ABOUT THIS TASK
Instruction for the entries that follow: retype exactly the lines from the line with "Жареная репа с" to the line with "Söta oparfymerade näsdukar", both included, and omit all others.

PROVIDED DATA
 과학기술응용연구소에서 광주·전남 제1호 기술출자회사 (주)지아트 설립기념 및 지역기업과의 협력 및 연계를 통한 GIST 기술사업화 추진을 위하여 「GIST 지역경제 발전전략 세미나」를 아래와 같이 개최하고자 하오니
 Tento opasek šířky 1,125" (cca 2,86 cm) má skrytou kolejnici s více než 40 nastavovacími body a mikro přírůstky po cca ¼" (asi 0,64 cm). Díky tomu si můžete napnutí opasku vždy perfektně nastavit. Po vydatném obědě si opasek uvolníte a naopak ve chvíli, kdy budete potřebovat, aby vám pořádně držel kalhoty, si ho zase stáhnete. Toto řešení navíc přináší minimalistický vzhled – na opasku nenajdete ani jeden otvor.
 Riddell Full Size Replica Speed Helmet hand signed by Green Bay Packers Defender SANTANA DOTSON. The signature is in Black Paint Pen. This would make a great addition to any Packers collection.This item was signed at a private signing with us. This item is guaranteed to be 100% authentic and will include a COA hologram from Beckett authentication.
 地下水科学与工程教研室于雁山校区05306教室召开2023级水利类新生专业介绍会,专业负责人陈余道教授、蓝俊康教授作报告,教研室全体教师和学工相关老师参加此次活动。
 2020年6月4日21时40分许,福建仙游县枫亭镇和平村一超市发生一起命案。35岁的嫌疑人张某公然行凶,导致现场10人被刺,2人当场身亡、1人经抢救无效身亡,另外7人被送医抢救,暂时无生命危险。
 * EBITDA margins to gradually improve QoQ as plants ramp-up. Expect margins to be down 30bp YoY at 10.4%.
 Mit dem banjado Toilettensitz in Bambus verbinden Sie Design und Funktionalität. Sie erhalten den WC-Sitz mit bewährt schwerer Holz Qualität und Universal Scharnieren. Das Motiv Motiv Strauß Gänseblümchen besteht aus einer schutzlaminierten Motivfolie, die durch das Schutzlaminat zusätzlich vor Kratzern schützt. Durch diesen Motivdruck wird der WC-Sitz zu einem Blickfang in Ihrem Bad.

==

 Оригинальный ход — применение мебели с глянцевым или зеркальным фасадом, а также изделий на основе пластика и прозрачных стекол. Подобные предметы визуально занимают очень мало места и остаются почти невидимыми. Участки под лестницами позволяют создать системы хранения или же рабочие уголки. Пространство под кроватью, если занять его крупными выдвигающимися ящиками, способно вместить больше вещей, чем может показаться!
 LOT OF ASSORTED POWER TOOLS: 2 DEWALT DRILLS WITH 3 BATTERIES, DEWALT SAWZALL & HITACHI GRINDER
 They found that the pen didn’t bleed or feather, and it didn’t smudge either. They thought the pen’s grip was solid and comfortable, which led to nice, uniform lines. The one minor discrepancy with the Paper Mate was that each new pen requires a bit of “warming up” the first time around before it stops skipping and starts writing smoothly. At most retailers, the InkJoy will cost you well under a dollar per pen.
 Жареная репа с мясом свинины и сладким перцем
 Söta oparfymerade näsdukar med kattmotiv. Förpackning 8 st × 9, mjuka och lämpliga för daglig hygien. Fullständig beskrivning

RESPONSE AREA
 Жареная репа с мясом свинины и сладким перцем
 Söta oparfymerade näsdukar med kattmotiv. Förpackning 8 st × 9, mjuka och lämpliga för daglig hygien. Fullständig beskrivning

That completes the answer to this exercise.